(Stored data entries):
=== Section Start ===

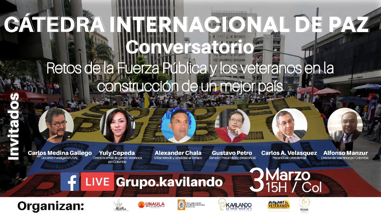 Jueves 3 de marzo 15H Colombia. Personas invitadas: Gustavo Petro Senador Precandidato Presidencial, Carlos Velazquez candidato Presidencial, Alexander Chala Veteranos por Colombia candidato al Senado, Carlos Medina Gallego Docente Invetigador UNAL, Yuly Cepeda Directora Veteranos por Colombia, Alfonso Manzur Veteranos por Colombia. En Vivo por: https://www.facebook.com/grupo.kavilando
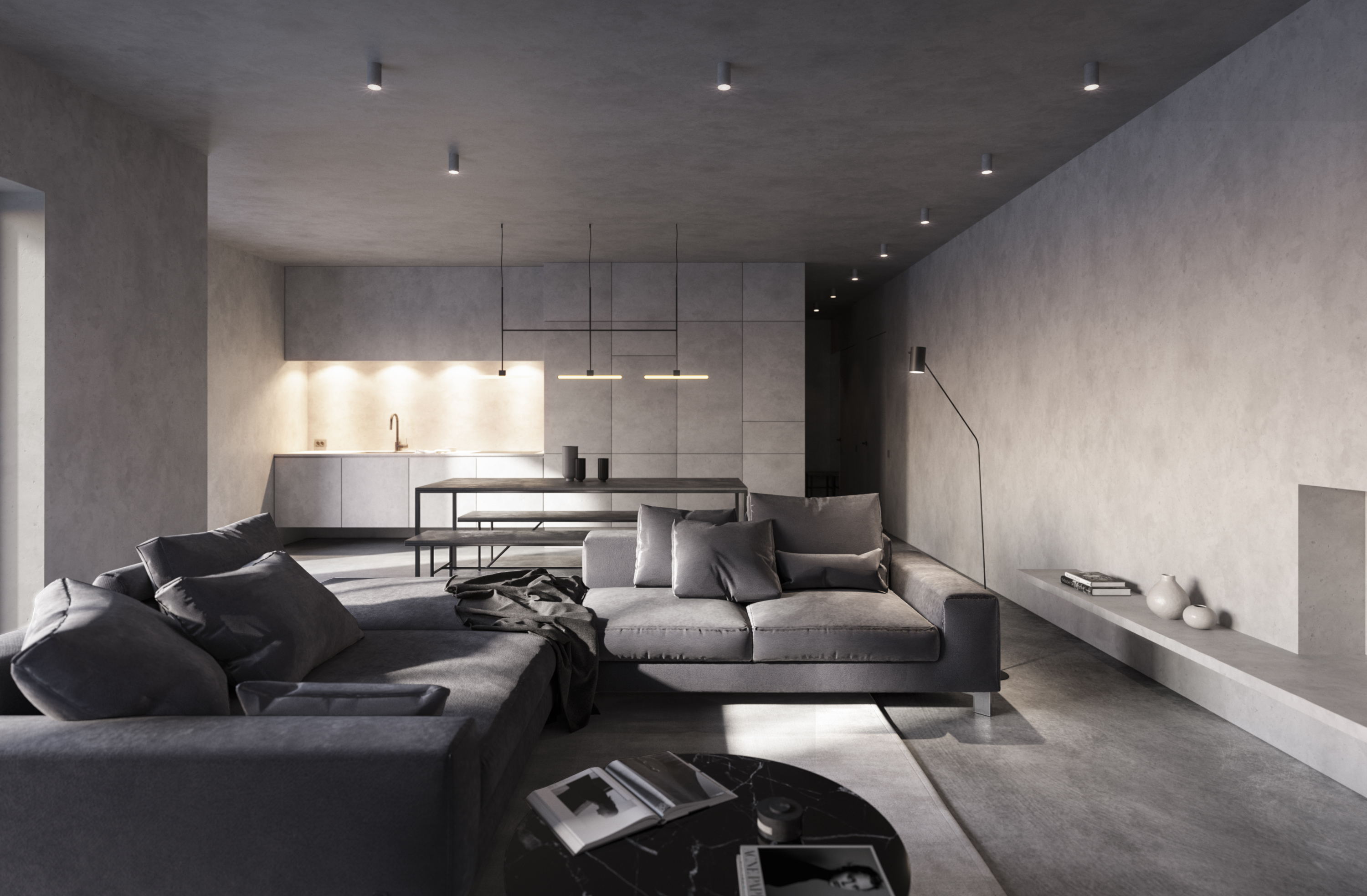 Здесь и не задумывалось изображать жилой интерьер, это концепция. Основная задумка в цвете, освещении и формах. Пример: завод Бофилла. Люди обустроили внутри мастерскую и жилье. А место на первый взгляд не самое уютное.
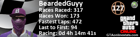 [URL=http://GTAonlinestats.com/showplayer/BeardedGuyy][IMG]http://GTAonlinestats.com/racesignature/BeardedGuyy/sig.png[/IMG][/URL]
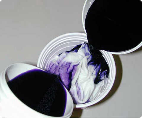 Paso 4: Con un envase de colorante en cada mano Vierta lentamente cantidades iguales de tinte hacia abajo de los lados opuestos de la Copa, llenando la taza casi al principio.
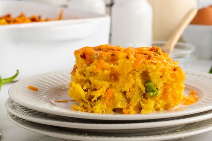 Freezer: Freezing this cornbread casserole couldn’t be simpler! Just wait for the cornbread to cool completely before slicing it and portioning it, then store individual slices in an airtight container or zip top bag in the freezer for up to 3 months. When you’re ready to eat it, let it defrost in the fridge for at least 24 hours, then reheat it in the microwave in 10 second intervals or toast it in the oven for 10 minutes at 350°F for a little extra crisp!
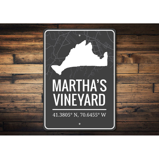 Marthas Vineyard Coordinates Metal Sign
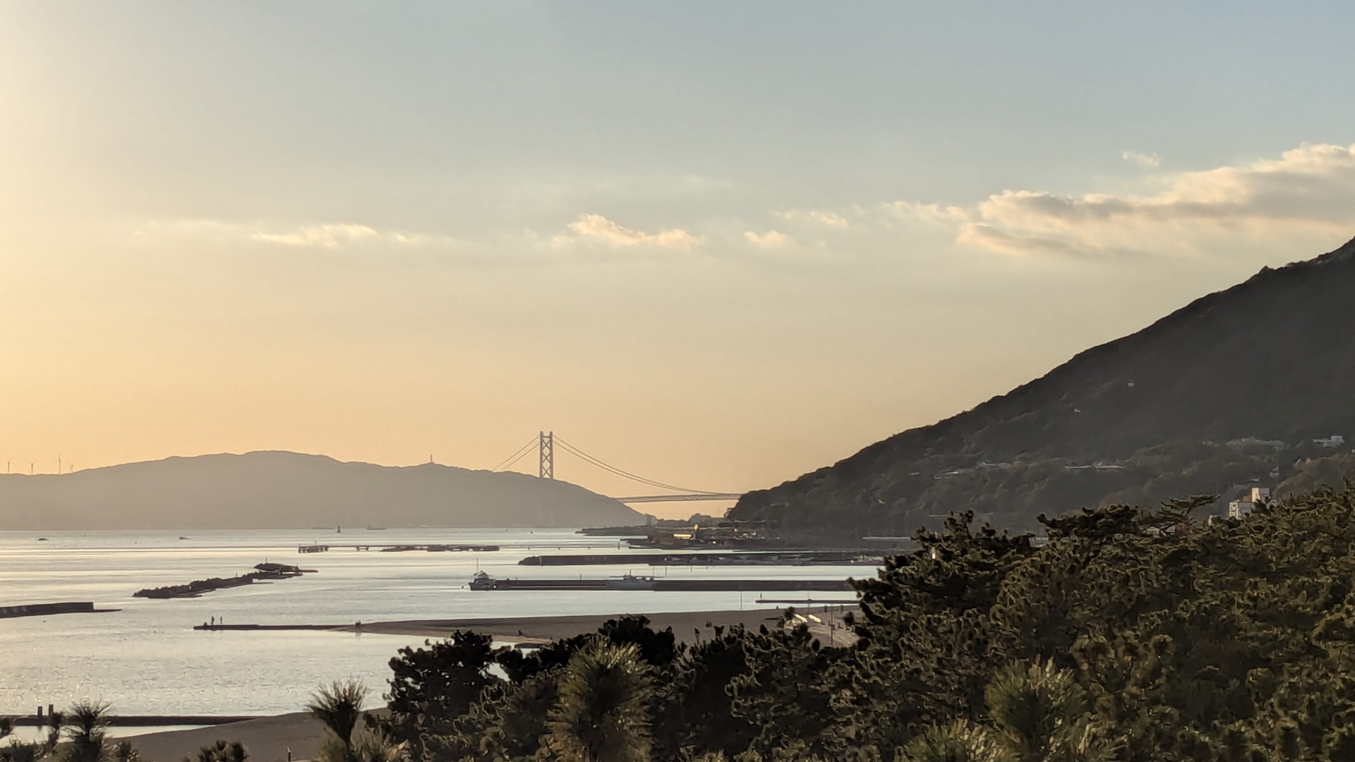 明石海峡大橋がシルエットになって見えています。
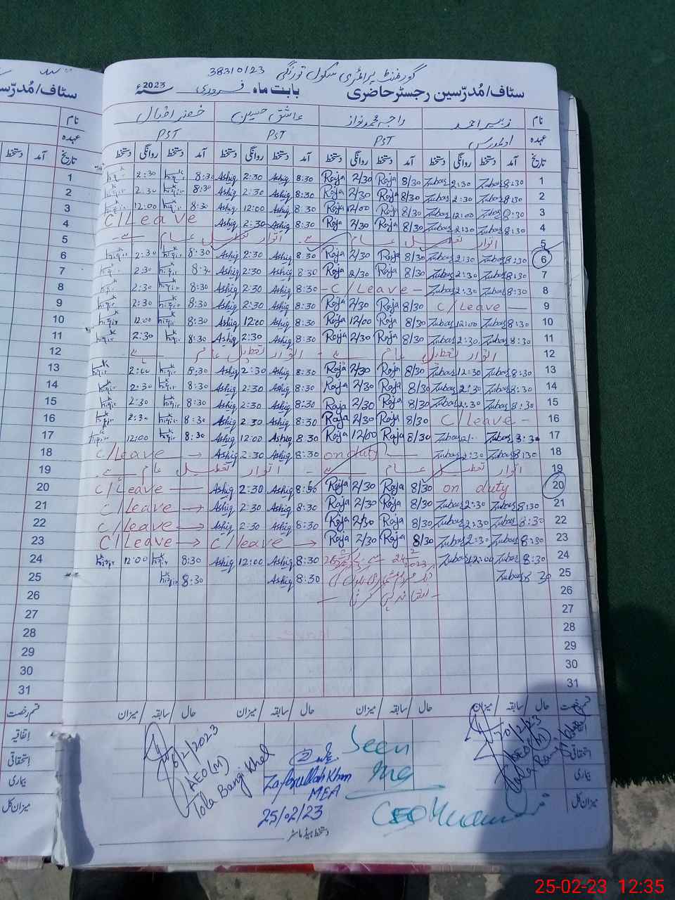 | CNIC | Full Name | Designation | R/C | Absence during last cal. month |

=== Section End ===

(The task): An answer that restates all the entries exactly and drops the images is what is needed.

(Output):
 Jueves 3 de marzo 15H Colombia. Personas invitadas: Gustavo Petro Senador Precandidato Presidencial, Carlos Velazquez candidato Presidencial, Alexander Chala Veteranos por Colombia candidato al Senado, Carlos Medina Gallego Docente Invetigador UNAL, Yuly Cepeda Directora Veteranos por Colombia, Alfonso Manzur Veteranos por Colombia. En Vivo por: https://www.facebook.com/grupo.kavilando
 Здесь и не задумывалось изображать жилой интерьер, это концепция. Основная задумка в цвете, освещении и формах. Пример: завод Бофилла. Люди обустроили внутри мастерскую и жилье. А место на первый взгляд не самое уютное.
 [URL=http://GTAonlinestats.com/showplayer/BeardedGuyy][IMG]http://GTAonlinestats.com/racesignature/BeardedGuyy/sig.png[/IMG][/URL]
 Paso 4: Con un envase de colorante en cada mano Vierta lentamente cantidades iguales de tinte hacia abajo de los lados opuestos de la Copa, llenando la taza casi al principio.
 Freezer: Freezing this cornbread casserole couldn’t be simpler! Just wait for the cornbread to cool completely before slicing it and portioning it, then store individual slices in an airtight container or zip top bag in the freezer for up to 3 months. When you’re ready to eat it, let it defrost in the fridge for at least 24 hours, then reheat it in the microwave in 10 second intervals or toast it in the oven for 10 minutes at 350°F for a little extra crisp!
 Marthas Vineyard Coordinates Metal Sign
 明石海峡大橋がシルエットになって見えています。
 | CNIC | Full Name | Designation | R/C | Absence during last cal. month |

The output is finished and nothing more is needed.